L’alopecia permanente invece è rara, ma occasionalmente è stata osservata dopo la somministrazione di alte dosi di ciclofosfamide, thiotepa e carboplatino (CTC), farmaci che vengono usati per tumori maligni ematologici e in associazione a trapianto di midollo.

In uno studio in cui 24 pz ricevevano questo trattamento, 8 svilupparono alopecia permanente, 7 ebbero una normale ricrescita, e 9 ricrescita incompleta e/o capelli assottigliati. In generale, l’incidenza dell’alopecia indotta da chemioterapia è del 65% dei casi e, per il 47% delle donne che ne soffrono, questo è senz’altro l’effetto più traumatico della chemioterapia.

“La caduta dei capelli in genere è un fenomeno reversibile che, solitamente, si risolve entro poche settimane dalla conclusione del ciclo di terapia con la ricrescita completa dei capelli. Nonostante ciò, esiste la possibilità che una somministrazione massiccia e consistente di farmaci chemioterapici, il tipo di combinazione usata e la presenza di fattori di rischio individuali (ad esempio problemi precedenti con la caduta dei capelli), possano determinare un’alopecia da chemioterapia permanente.Barba, ciglia, sopracciglia, peli pubici ed ascellari sono affetti da alopecia in misura variabile, dipendente dalla fase anagen del pelo all’inizio del ciclo terapeutico e dalla durata e posologia del trattamento” precisa e rassicura la dottoressa Maria Concetta Pucci Romano, Specialista in Dermatologia e Presidente del Board.

Tra le soluzioni più avanzate c’è una alternativa non chirurgica esteticamente più naturale della classica parrucca, si tratta di un presidio medico personalizzato realizzata con una pelle di sintesi di circa 700 micron di spessore, modellata sul cranio del paziente e sulla quale vengono innestati da 150 a 400 capelli naturali per 2 cm.

“Si chiama ‘epitesi del capillizio’ e permette un risultato molto confortevole ed esteticamente naturale: ondulazione, lunghezza, colore, calibro e verso del capello infatti sono uguali a quelli naturali del paziente. Il dispositivo viene adeso alla cute con appositi prodotti dermocompatibili e viene comunemente utilizzato per alopecia parziale o areata causata da terapie oncologiche o meno. La gestione dell’epitesi è molto semplice: viene rimossa ogni 3-4 settimane da personale specializzato e sottoposta a procedure di igienizzazione.

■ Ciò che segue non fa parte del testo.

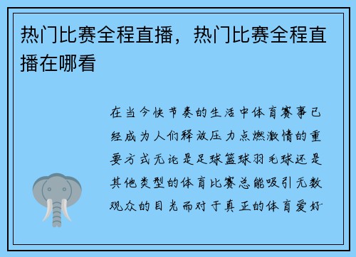 在当今快节奏的生活中,体育赛事已经成为人们释放压力、点燃激情的重要方式。无论是足球、篮球、羽毛球还是其他类型的体育比赛,总能吸引无数观众的目光。而对于真正的体育爱好者来说,能够第一时间观看比赛的直播,...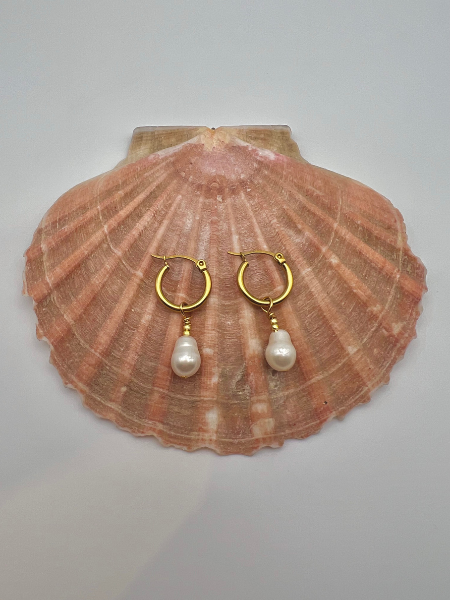 MINI SCALLOP + WHITE PEARL ON GOLD HOOPS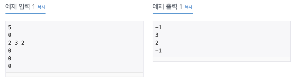 이제 산타가 선물을 나눠줄 것이다. 차례대로 방문한 아이들과 거점지의 정보들이 주어졌을 때, 아이들이 준 선물들의 가치들을 출력하시오. 만약 아이들에게 줄 선물이 없다면 -1을 출력하시오.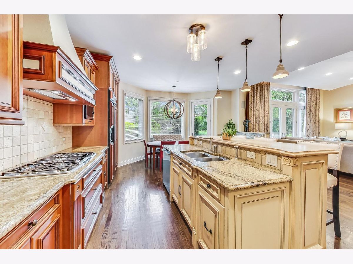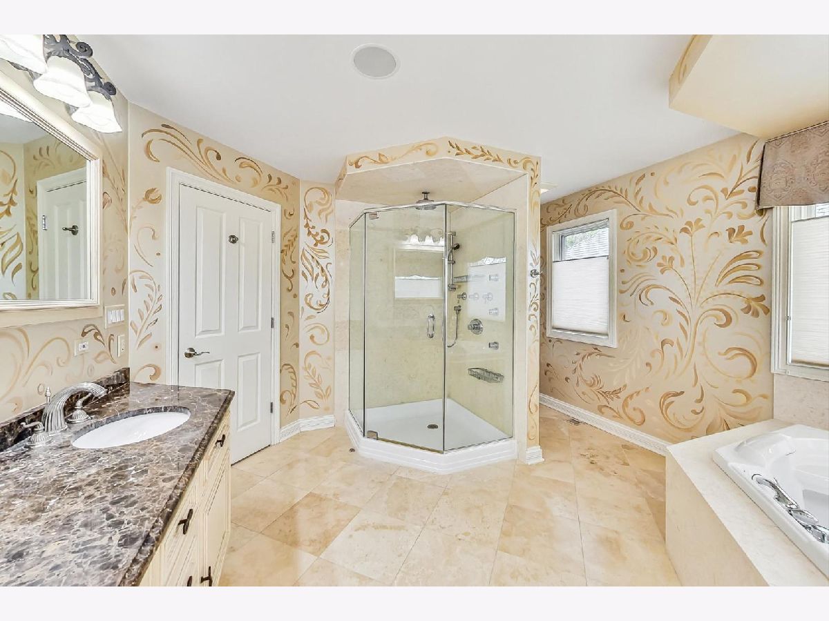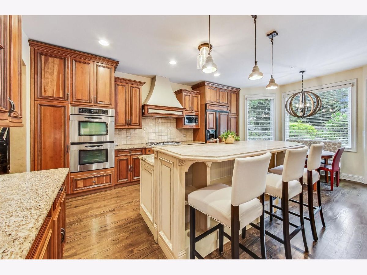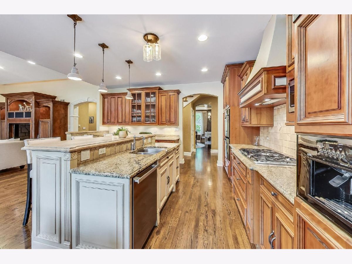 Absolutely stunning! From the moment you arrive, this exceptional home exudes curb appeal with a brick paved driveway, lush landscaping, and prime location, setting the stage for the perfect home located just blocks from Wescott Elementary, and a few minutes to Maple Jr. High and GBN!. Crafted with meticulous attention to detail and upgraded finishes, this newer (2002) all-brick and stone home offers a blend of elegance and functionality, perfect for entertaining and everyday living. Step through the foyer to a separate living room and elegant dining room ideal for large gatherings. Rich moldings, arched doorways and gleaming hardwood floors grace the first level, setting a tone of sophistication throughout. Chefs will appreciate the eat-in gourmet kitchen featuring a large island, beautiful cabinetry, high-end stainless appliances, granite counters, and a travertine island. Flowing into the spacious family room with a stunning stone gas fireplace, built-in entertainment unit and 11 ft. ceiling, this space is designed for pure enjoyment. A wall of windows and French doors open to a professionally landscaped, fully fenced backyard complete with a brick paved patio, multiple sitting areas, firepit, underground sprinklers, and ample green space. A generously sized main floor office boasts custom cabinets, bookshelves, and two built-in desks, providing a haven for productivity. Convenience is key with a first-floor laundry located off the 2-car attached garage, offering a sink and plenty of cabinets. Upstairs, the gracious Primary Suite awaits, with abundant natural light, cozy window seats, tray ceiling, and a spa-like bath with whirlpool tub, separate shower, and dual sink vanity. Three additional generously sized bedrooms, including one with an ensuite bath, 2 with walk-in closets, all equipped with custom closet organizers. Ample storage is found at every turn, including the fully finished lower level, which features wood-like vinyl floors, a vast recreation area with a pool table, wet bar, 5th bedroom, a full bathroom, and an exercise room/6th bedroom with three closets. Additional features include a security system, multi-zoned HVAC systems, a backup sump pump and sound speakers in key areas. Located just blocks from award-winning District #30/#225 schools, proximity to the Sports Complex, YMCA, Town, Metra Train, library, and easy access to major highways (94 & 294), this is a house that you want to call your HOME!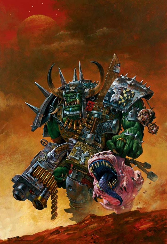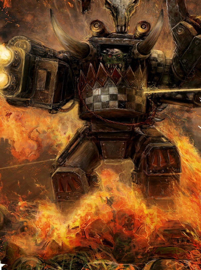 就這樣日復一日,在經過不知道多少次的打架、喝酒狂歡;打更多架、喝更多酒狂歡;打超級多架、喝超級多酒狂歡……不知不覺這顆星球上已經沒有老大敢惹你了。你的塊頭也變得比前更大、更結實。追隨你的小子們也比沙子還要多──你成為了一名貨真價實的戰爭頭目(Warboss)!你認為自己的野心與偉大應該要讓更多人看見,而且你也想打更多架。於是你號召小子們上船,開啟了屬於自己的 WAAAGH! 旅程。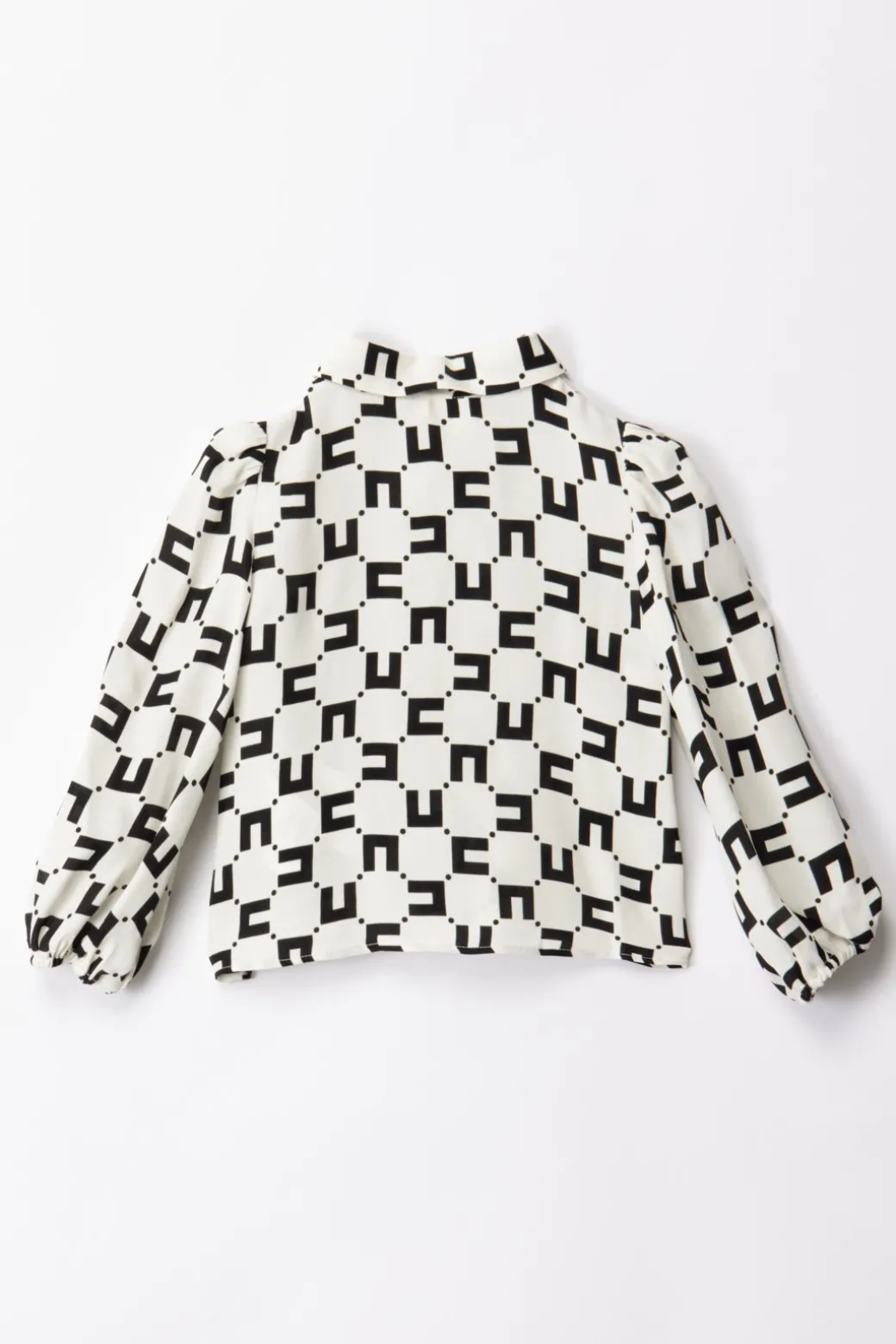 Versatile camicia Elisabetta Franchi La mia Bambina che, nonostante la sua allure ladylike data dalla manica a palloncino e il bottoncino dorato al colletto, sarà facile da combinare a tanti bottom della baby-collezione, dai jeans ai leggings. Vestibilità comoda in leggera viscosa, la stampa logo cubico è un vero must di stagione!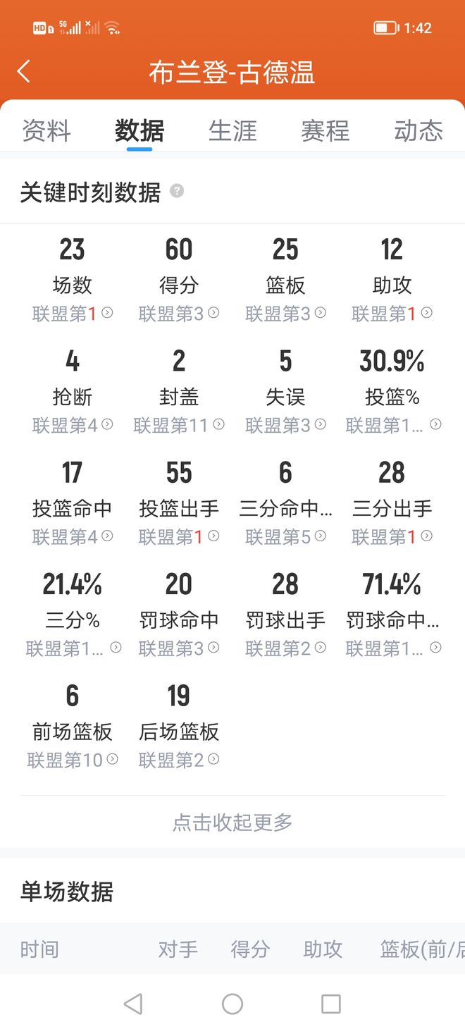 古德温拥有一个大心脏,绝对的关键先生。数据统计,上赛季他有23场比赛打出关键数据,累计贡献60分的关键得分,25个关键篮板以及12个关键助攻。这四项数据均联盟前五水平。
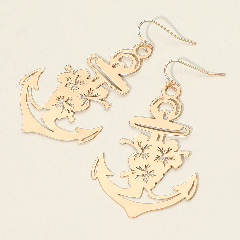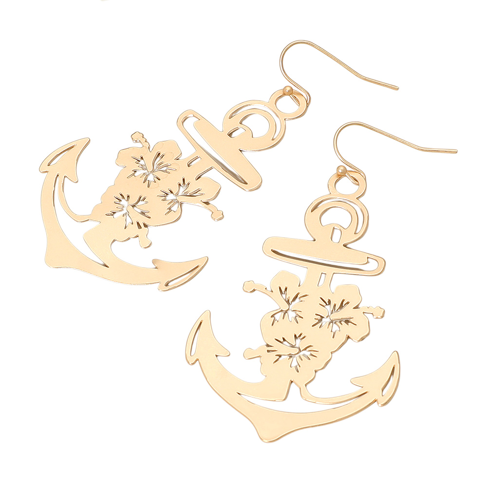 Brass Metal Cutout Anchor Dangle Earrings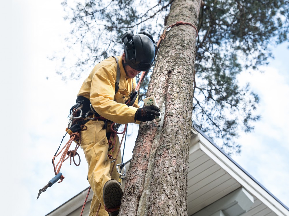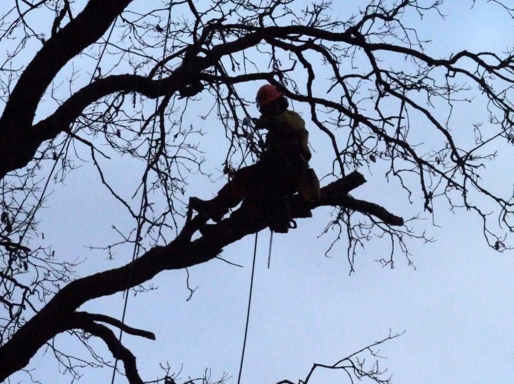 Арборист бережно срезает части ствола, начиная с самого верха, аккуратно спуская их на веревке.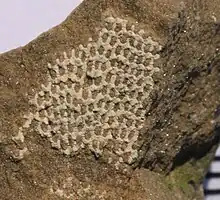 Fenestellidae is a family of bryozoans belonging to the order Fenestrida. The skeleton of its colonies consists of stiff branches that are interconnected by narrower crossbars (or dissepiments). The individuals of the colony (or zooids) inhabit one side of the branches in two parallel rows or two at the branch base and three or more rows further up. Zooids can be recognized as small rimmed pores (or apertures), and in well-preserved specimens the apertures are closed by centrally perforated lids. The front of the branches carries small nodes in a row or zigzag line between the apertures. Branches split (or bifurcate) from time to time giving the colonies a fan-shape or, in the genus Archimedes, create an mesh in the shape of an Archimedes screw.[1]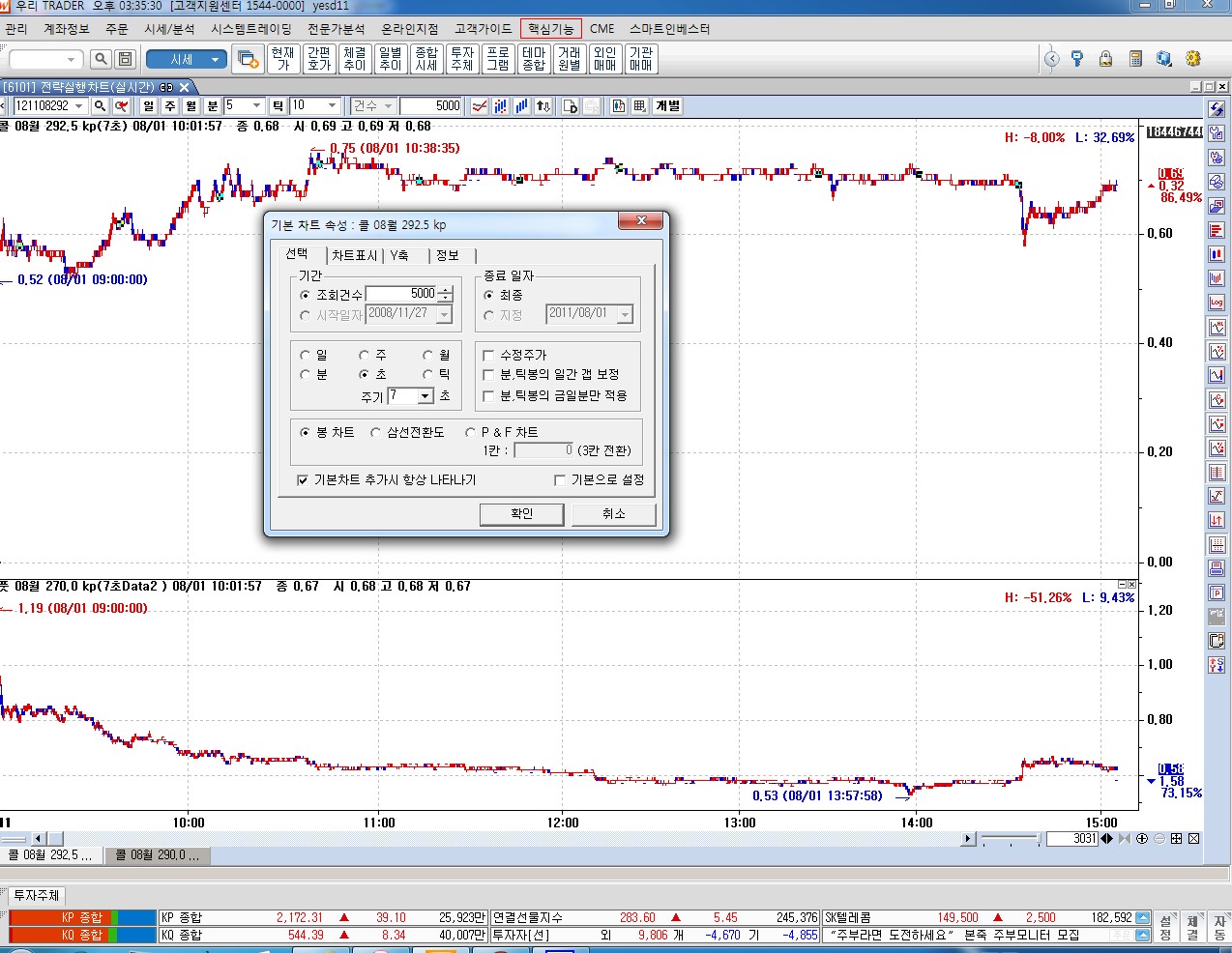 올려주신 내용을 보고 다시 확인해 보고 있는데, 8초 미만의 봉에서 말씀하신 현상이 나타나고 있음을 확인하였습니다.
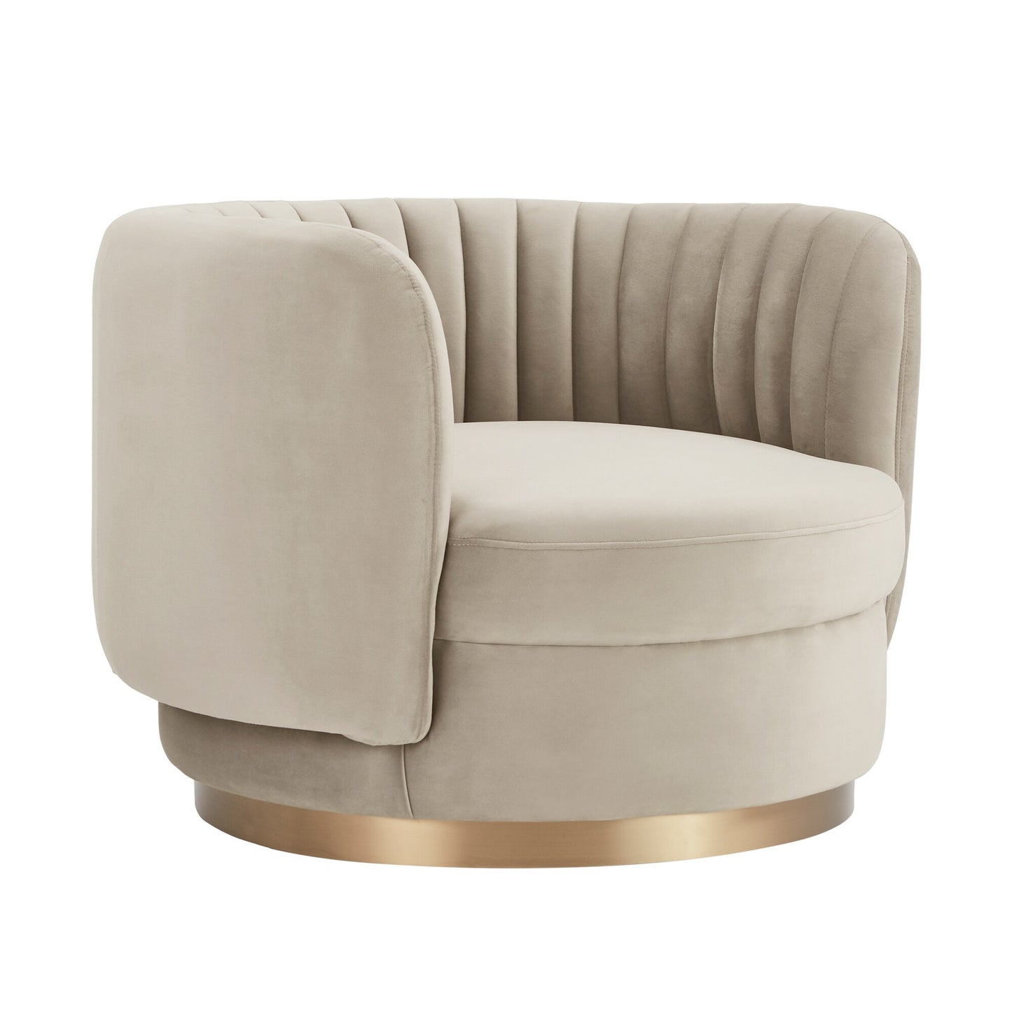 The Davy Tufted Velvet Swivel Chair from Armen Living is such a visually appealing piece that has practical elements to make this the best chair for your home. The rounded chair back encapsulates your body to make you feel comfortable and secure. The foam-padded seat cushion is plump and soft, making this your new favorite chair in the house to relax in. The Davy has a very special feature that brings a swivel function to this already fantastically designed chair; swivel in a full 360-degree motion for maximum mobility. The rich velvet upholstery is elegantly combined with the thick gold brushed base to create an overall eye-catching addition to your home. The Davy is available in your color choice of Blush, Dark Gray, and Taupe.

L’intera operazione dura circa un’ora. Per il resto, il soggetto può fare sport, sudare, nuotare, fare lo shampoo ed andare dal parrucchiere in maniera del tutto naturale. I materiali utilizzati, resine e colle, sono materiali di qualità chirurgica e certificati, quindi caratterizzati da elevatissima tollerabilità, traspirabilità ed aspetto uguale a quello della cute normale”, conclude la dottoressa Sparavigna.

“Per quanto riguarda l’alopecia androgenetica che si vede spesso nelle pazienti in trattamento con inibitori delle Aromatasi (usate per il cancro al seno ormonosensibile) è importante iniziare subito una tutela locale (Minoxidil 2%) e con integratori mirati (Nacetil Cisteina,Melatonina, Selenio in piccole dosi), soprattutto individuando preventivamente i soggetti a rischio: donne con seborrea, pregressa storia di acne/dermatite seborroica, capelli fini e sottili, anche familiarità per cuoi capelluto poco folto” aggiunge la dottoressa Romano.

La dermatoscopia locale permette di monitorare la salute dei follicoli pilo-sebacei. L’uso del minoxidil topico al 2% sembra dare buoni risultati soprattutto in caso di alopecia causata da taxani e antracicline, ma non protegge da quella causata da doxorubicina. L’uso della parrucca da parte del paziente oncologico resta una valida soluzione anche in caso di alterazioni della pigmentazione. Se si interviene tardi, l’involuzione del follicolo è irreversibile e non si può fare più nulla.